##### SOURCE MATERIAL

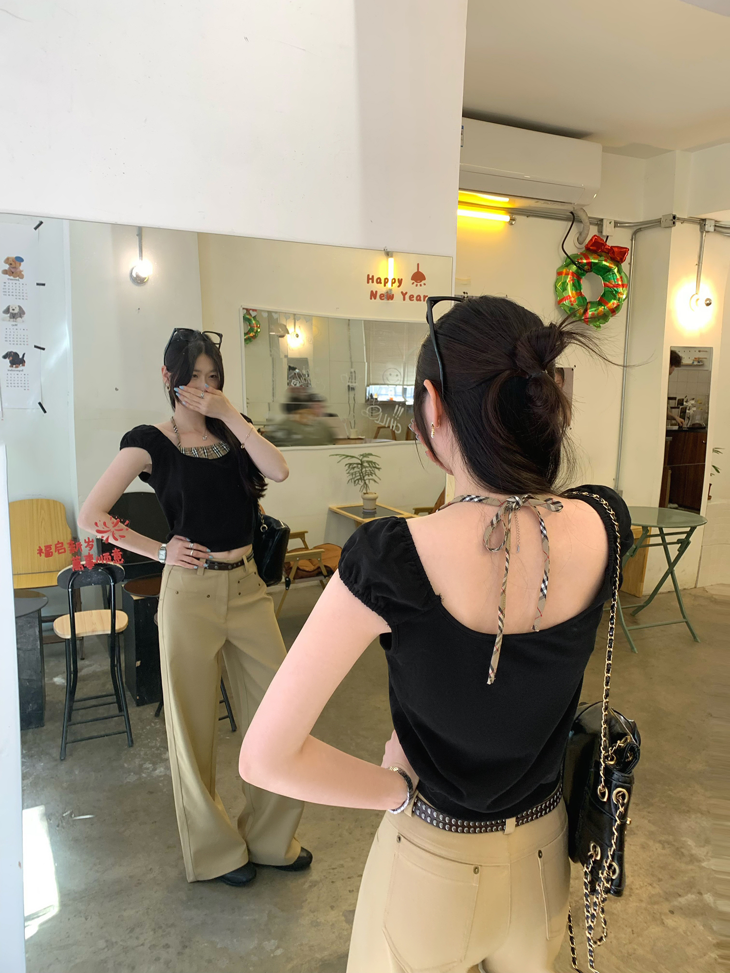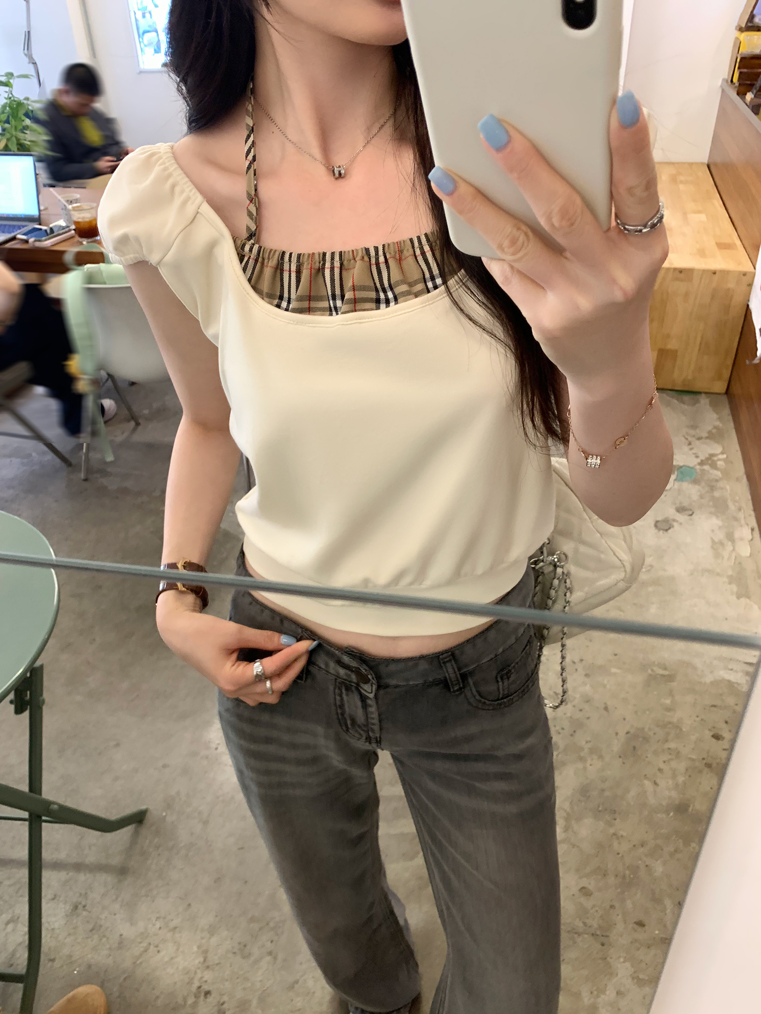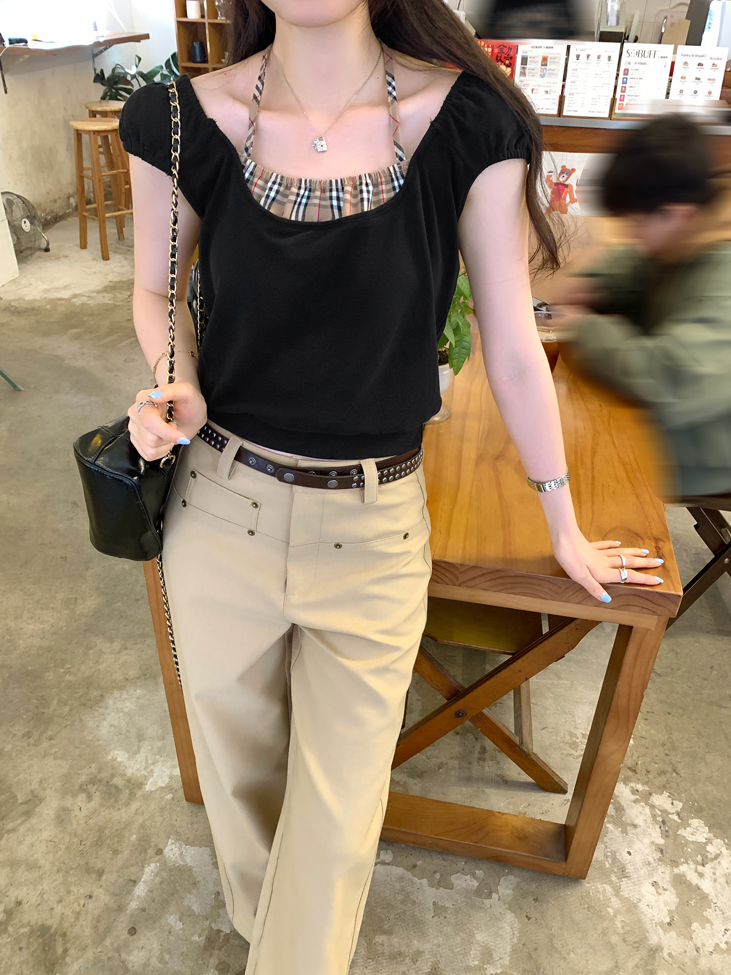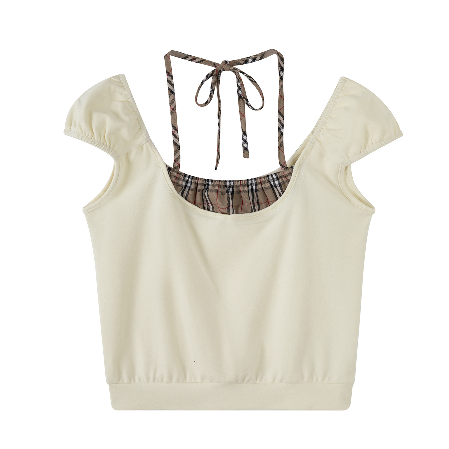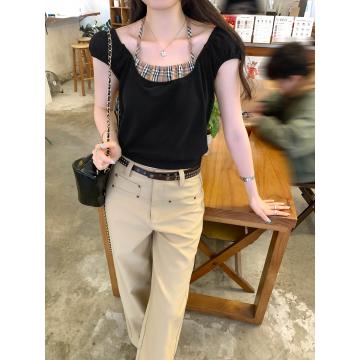 BY12327# 图今年高级漂亮格纹拼接假两件挂脖短袖T恤女夏单穿上衣 服裝批發女裝批發服飾貨源
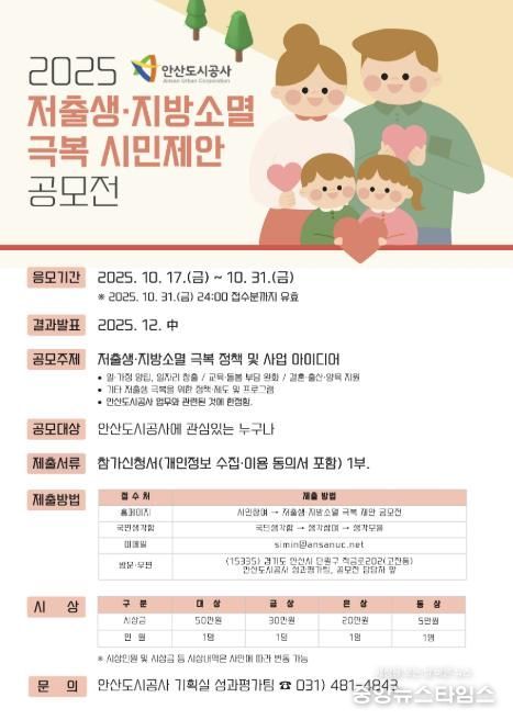 (중앙뉴스타임스 = 방재영 기자) 안산도시공사는 ‘2025년 저출생지방소멸 극복 시민제안 공모전’을 열고 시민과 함께 인구문제 극복방안을 모색하고 시민 체감형 정책·사업 발굴에 나선다고 22일 밝혔다.
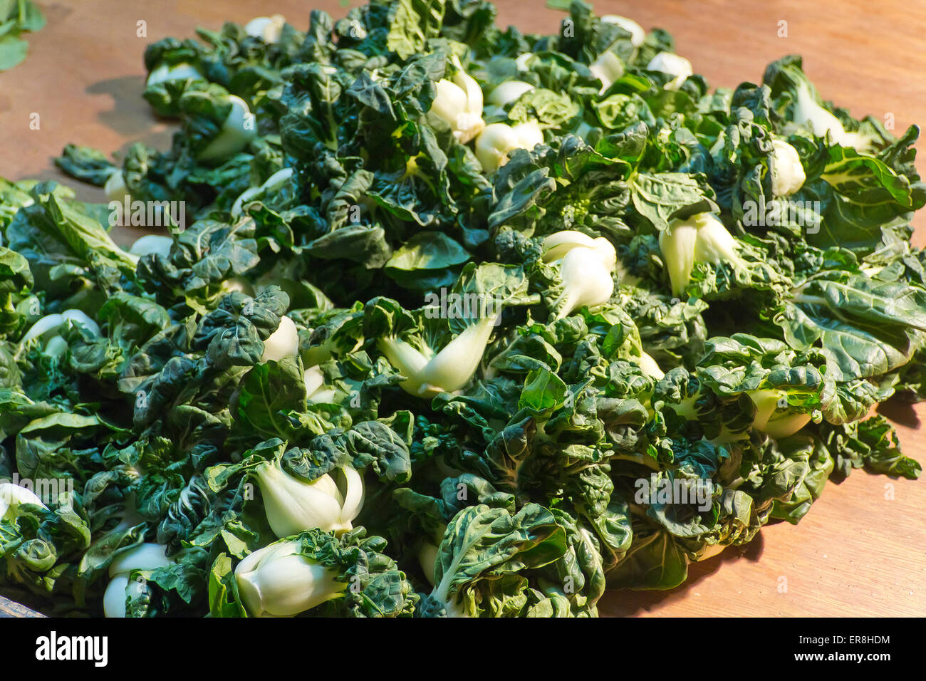A Huge Pile Of Organic Bok Choy At An Asian Market Stock
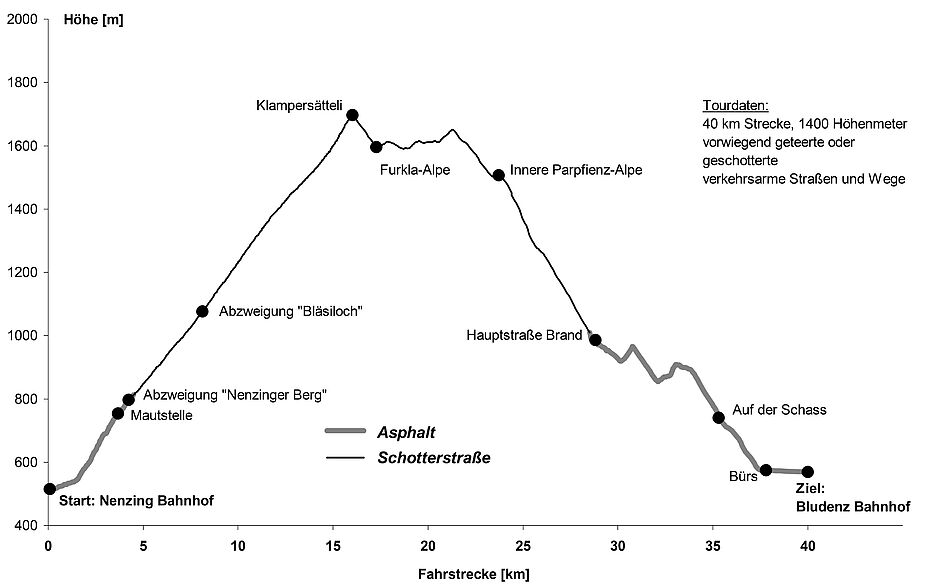 Bei der Einmündung in die Hauptstraße in Brand (28,6 km, 991 m) hat uns die automobile Zivilisation wieder, aber nach 200 m Fahrt auf der Hauptstraße talauswärts geht’s bereits wieder rechts ab, Schilder zeigen nach Bürs und einem Golfplatz. Kurz danach führt ein Treppenweg steil hinab zur Brücke über den Alvier-Bach, der fortan immer links von uns durchs Tal fließt. Es geht entlang des Golfplatzes, kurz auf Schotter, später nur noch auf Asphaltwegen im Wald talauswärts, wo wir noch zwei kurze Anstiege fahren müssen. Danach führt die Straße verkehrsarm genussvoll bergab Richtung Bürs, wo „Auf der Schass“ nach 35,3 km (740 m) die Abzweigung links nach Bürs zu beachten ist. Bis Bürs (37,9 km) ist der Weg nicht zu verfehlen, und nach insgesamt ca. 40 km erreicht man auf der Hauptstraße den Bahnhof in Bludenz.
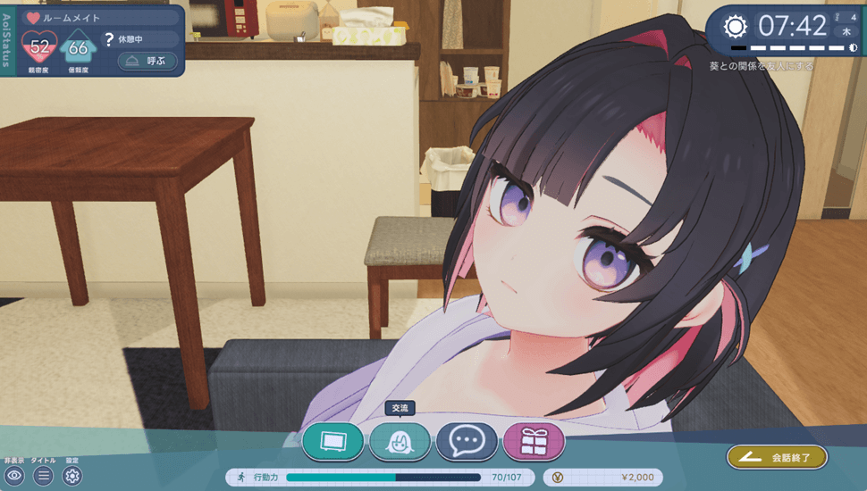 本作はヒロインの葵とシェアハウスで同棲生活を送るシミュレーション形式のゲームとなっています。主人公と葵は会社で働いていますが、リモートでの仕事となっているので1日の大半は自宅で過ごす事になります。
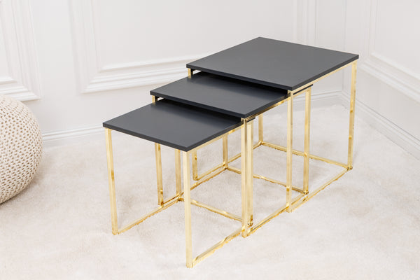 ELEMENTS Design Beistelltisch 3er Set 40cm matt anthrazit goldenes Metallgestell
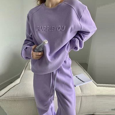 2枚購入で 2oo円FF!24新作 シンプル スウエット 裏起毛 セットアップ レディース レディースファッション Tシャツ トップス ワイドパンツ 二点セット 大きめサイズ

##########

TASK TO COMPLETE. Please quote exactly the run of lines that starts the entries and ends at the line containing "A Huge Pile", leaving out every picture.

SOLUTION.
 BY12327# 图今年高级漂亮格纹拼接假两件挂脖短袖T恤女夏单穿上衣 服裝批發女裝批發服飾貨源
 (중앙뉴스타임스 = 방재영 기자) 안산도시공사는 ‘2025년 저출생지방소멸 극복 시민제안 공모전’을 열고 시민과 함께 인구문제 극복방안을 모색하고 시민 체감형 정책·사업 발굴에 나선다고 22일 밝혔다.
A Huge Pile Of Organic Bok Choy At An Asian Market Stock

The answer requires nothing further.